I believe that some things are created specifically to be consumed post-breakup.
A prime example: Sex and The City. I credit the show for getting me through both of my major breakups, but have rarely watched an episode outside of those month-long spans.
Women also falls into this category for me.
To be clear, I didn’t actually read it post-breakup—my girlfriend lent it to me earlier this year. But she read it post-breakup, shortly after its release, and loved it so much that she missed her train stop while reading it.
(She also asked me to mention here that she “reread it recently and saw the problems with it but still enjoyed the writing a lot and related to the experience.”)
It’s angsty, melodramatic at times, and gets right to the heart of what it feels like to be obsessed with someone who is objectively terrible for you.
Enjoy!
— Becca
Women by Chloe Caldwell
Fiction, October 2014
I first heard Women described as the story of a woman’s first relationship with another woman. That’s technically true. But we learn on the first page that this relationship isn’t going to end well.
The unnamed narrator falls for a woman who’s 19 years older than her and, more importantly, already in a serious relationship with another woman who she has no intention of leaving. After their initial flirtation and hookup, they’re kind of awful to one another and can both be controlling, immature, and jealous.
Am I making this book sound unenjoyable?
I promise you it’s not. Caldwell’s writing style is so frank and the story so realistic that I had to double-check about 10 pages in that it was actually fiction. Reading it feels like a cross between reading a stranger’s diary and hearing a close friend vent about an awful (but juicy) breakup.
It’s also packed with lines that resonated with me as a semi-late bloomer queer:
I figured if I was going to be with a woman, I would have been with one by now. I would know if I was bisexual or gay. Being a writer, I assumed I was at least mildly self-aware.

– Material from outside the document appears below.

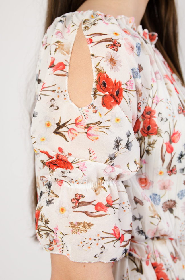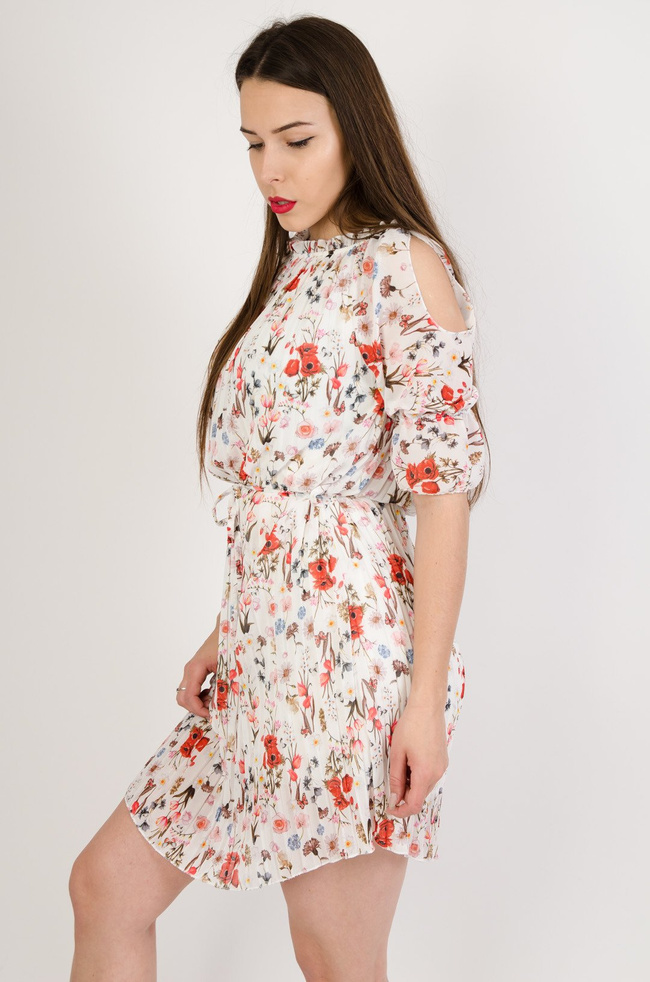 w kwiaty z odkrytymi ramionami, wiązana w pasie

And because it’s a tiny novella made up of tiny chapters (some a mere paragraph), you’ll probably end up finishing it in a sitting or two.
That said, you’ll also probably roll your eyes a handful of times while you read it.

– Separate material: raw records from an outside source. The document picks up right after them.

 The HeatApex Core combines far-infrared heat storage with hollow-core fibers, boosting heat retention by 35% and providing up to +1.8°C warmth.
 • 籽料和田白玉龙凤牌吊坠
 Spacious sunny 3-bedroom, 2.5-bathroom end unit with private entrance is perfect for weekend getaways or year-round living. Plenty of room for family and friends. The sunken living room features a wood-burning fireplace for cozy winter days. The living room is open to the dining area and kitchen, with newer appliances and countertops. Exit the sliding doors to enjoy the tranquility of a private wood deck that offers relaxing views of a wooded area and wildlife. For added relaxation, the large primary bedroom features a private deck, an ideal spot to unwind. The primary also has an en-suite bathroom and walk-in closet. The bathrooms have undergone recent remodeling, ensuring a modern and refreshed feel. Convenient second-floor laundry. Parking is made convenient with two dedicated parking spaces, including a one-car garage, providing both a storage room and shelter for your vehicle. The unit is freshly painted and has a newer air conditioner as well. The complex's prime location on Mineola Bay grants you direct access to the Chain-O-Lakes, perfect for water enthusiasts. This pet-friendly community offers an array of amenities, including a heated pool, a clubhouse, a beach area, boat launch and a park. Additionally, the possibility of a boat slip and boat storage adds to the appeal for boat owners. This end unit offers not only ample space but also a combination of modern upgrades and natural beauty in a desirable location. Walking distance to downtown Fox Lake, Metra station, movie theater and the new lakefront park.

The narrator’s love interest, with her flannels and dark beers and knuckle tattoos, feels a bit like a collection of lesbian stereotypes. At one point, she writes, I ask Finn if things are always this insane and dramatic between two women, and she says yes.
Caldwell herself has said that during the writing process, she “read articles about butch lesbians seducing straight girls and all that,” which does not feel all that surprising to me. She says in this same interview that the book was originally called Dyke Aching, so make of that what you will.

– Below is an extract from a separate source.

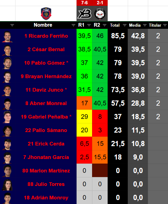 | 1 | Ricardo Ferriño | Portero | 34 | 42 | 85.5 | 2 | 0 | 0 | 0 | 0 | 0 | 1 | 0.00 | 0.00 | 100.00 |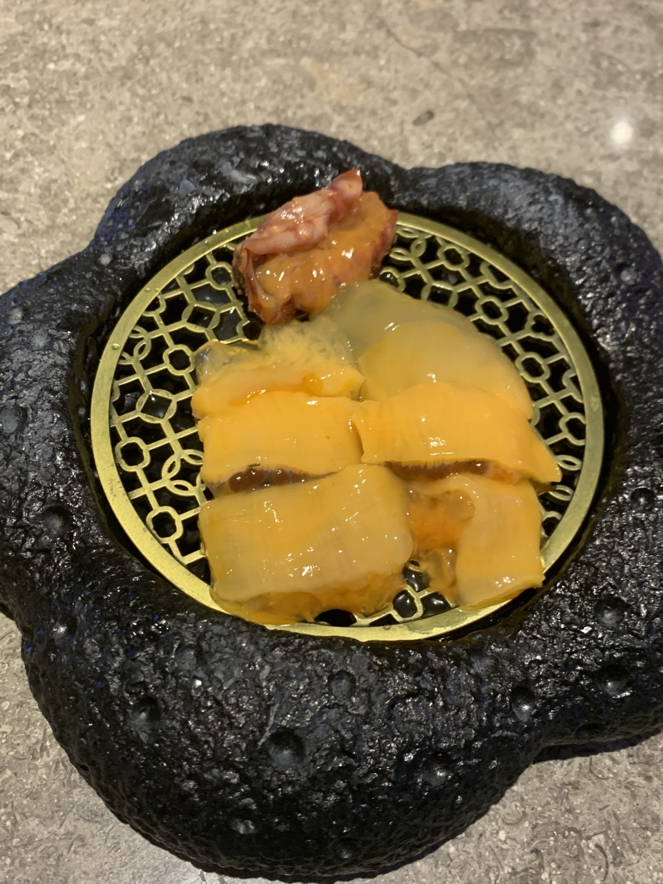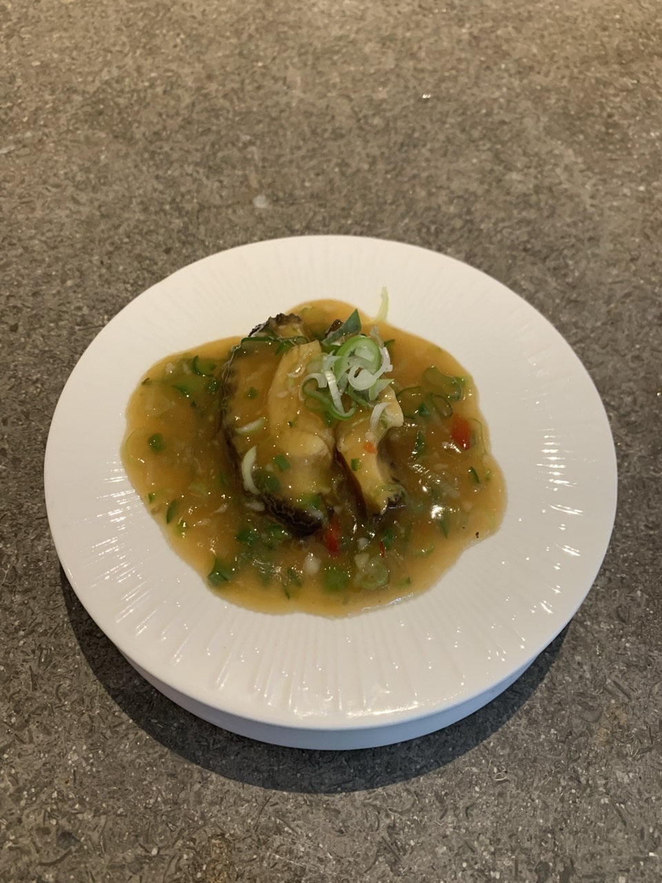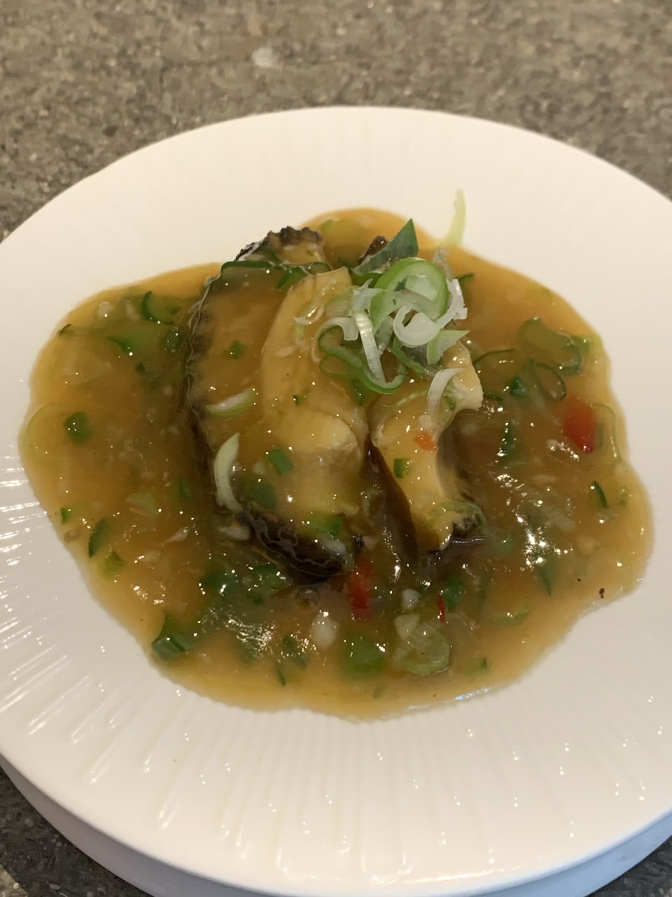다음은 활전복. 전복 크기가 손바닥만 했고 1인당 1마리씩 주어진다. 손수 만든 소스와 함께 먹으면 된다. 소스가 맛있어서 숟가락으로 긁어 남김없이 먹었다.

It also feels worth mentioning here that the way the narrator talks about her sole trans friend is… not great. Right on the first page, she mentions her “transgender friend Nathan”—a descriptor that feels wholly unnecessary, other than the fact that it sets her up to later write that, My closest friend is Nathan, and even he was once a woman.
Yikes.
In an Instagram post from about a year ago, Caldwell wrote that, “So much has changed politically since Women’s release; parts are already outdated and non PC.” This feels like a cop-out to me, where she could’ve instead written how her thinking has changed since the book was published. Am I expecting too much from an Instagram caption? Probably!
Still, I liked it, and I stand by it as a breakup read, if only for paragraphs like this one:
Eventually it becomes obvious to me that I have stopped living and started killing time. My participation in life is slim to none. It is fair to say that engaging in some form with Finn, even when it was silence, was my hobby. Without it, I don’t have much.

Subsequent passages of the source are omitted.